The rapid spread of COVID-19 in jails and prisons is a public health emergency. Even as COVID cases plateau in some states, they continue to rise in prisons. Now more than ever, we need to rethink community supervision, which is responsible for driving nearly half of all people into state prisons.
Here are 5 reasons why changing supervision policies — and most importantly, reducing the number of people on probation and parole in the first place — is more urgent than ever.
#1 Probation and parole funnel people into jails and prisons; we need to reverse this flow to reduce the number of people exposed to the virus in correctional facilities.
- Today, nearly 4.5 million people (1 in 55 U.S. adults) are under correctional control in the community — nearly twice as many as in jail or prison.
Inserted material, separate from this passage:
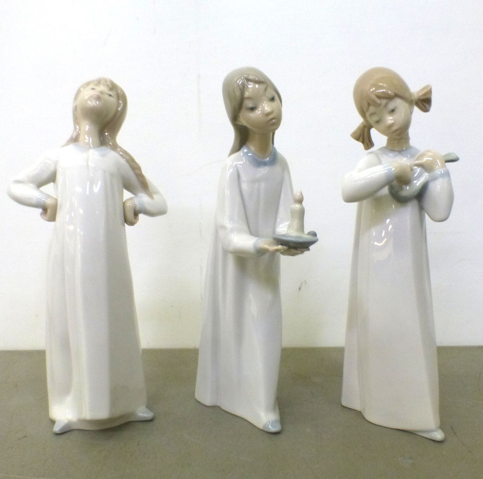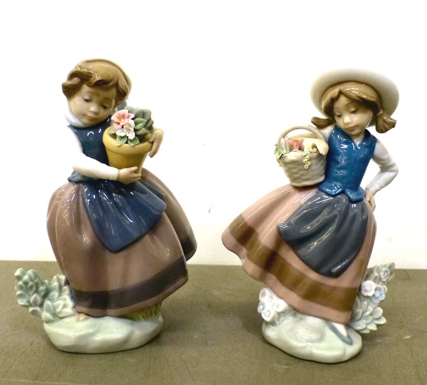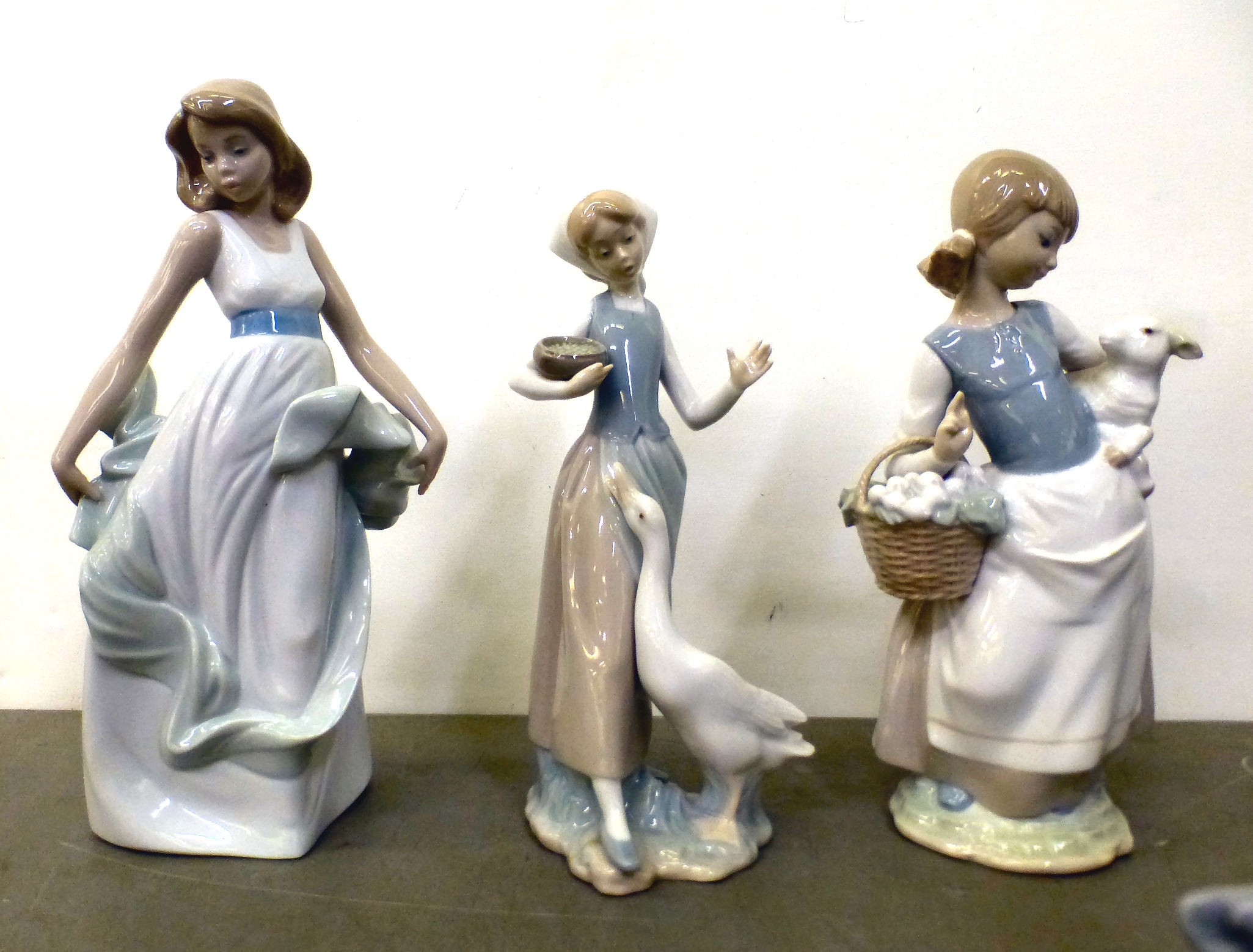 Lladro china figures: to include a figure group, depicting children and puppies 15"h
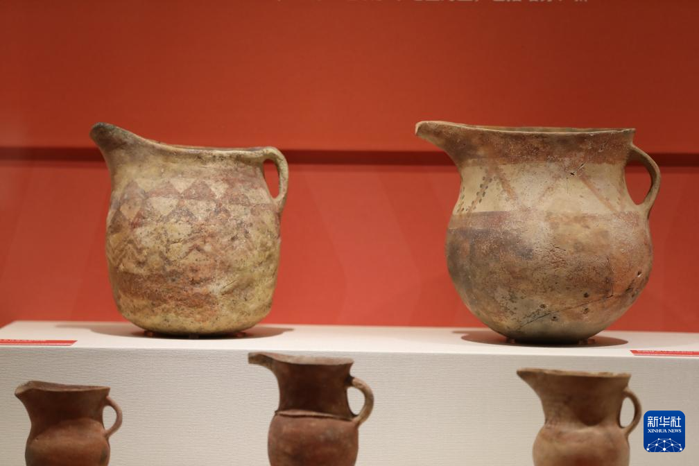 这是在新疆地区出土的方格纹单耳带流彩陶罐(上左)、折线纹单耳带流彩陶罐(上右)。新华社记者 张智敏 摄

- Probation and parole have become catalysts rather than disrupters of incarceration. Nearly half of state prison admissions (45 percent) are due to supervision violations, and more than half of these are for technical violations — such as missing a meeting or failing a drug test — that do not involve a new crime.
- Correctional facilities have become hotbeds for the virus, with the five largest known outbreaks occurring in jails or prisons. Nationwide, the known infection rate for people behind bars is 2.5 times higher than the general population.
#2 Continued supervision unnecessarily risks the health of millions of people — those serving probation or parole terms, community corrections staff, all of their families, and communities at-large.
- The community supervision population disproportionately suffers from the types of pre-existing health conditions that increase fatality rates from COVID-19. People on supervision with hypertension, diabetes, respiratory illnesses, HIV, and many other chronic conditions are medically vulnerable to the virus and higher risk for serious illness or death.
- The majority of people on supervision successfully complete their sentence, and most have been convicted of minor offenses in the first place. In fact, more than three-quarters (78 percent) of the population was convicted of a nonviolent offense and at least 4 in 10 are being supervised for a misdemeanor rather than a felony conviction.
- History has shown that states can safely reduce the supervision population. Between 2007 and 2016, 37 states experienced declines in both supervision and crime rates. Policies that create alternatives to arrest and conviction, reduce supervision terms, and provide opportunities for people to earn time off their sentence should be adopted immediately.
#3 Standard supervision practices are a barrier to success for many people, and eliminating these conditions is good for public health and public safety.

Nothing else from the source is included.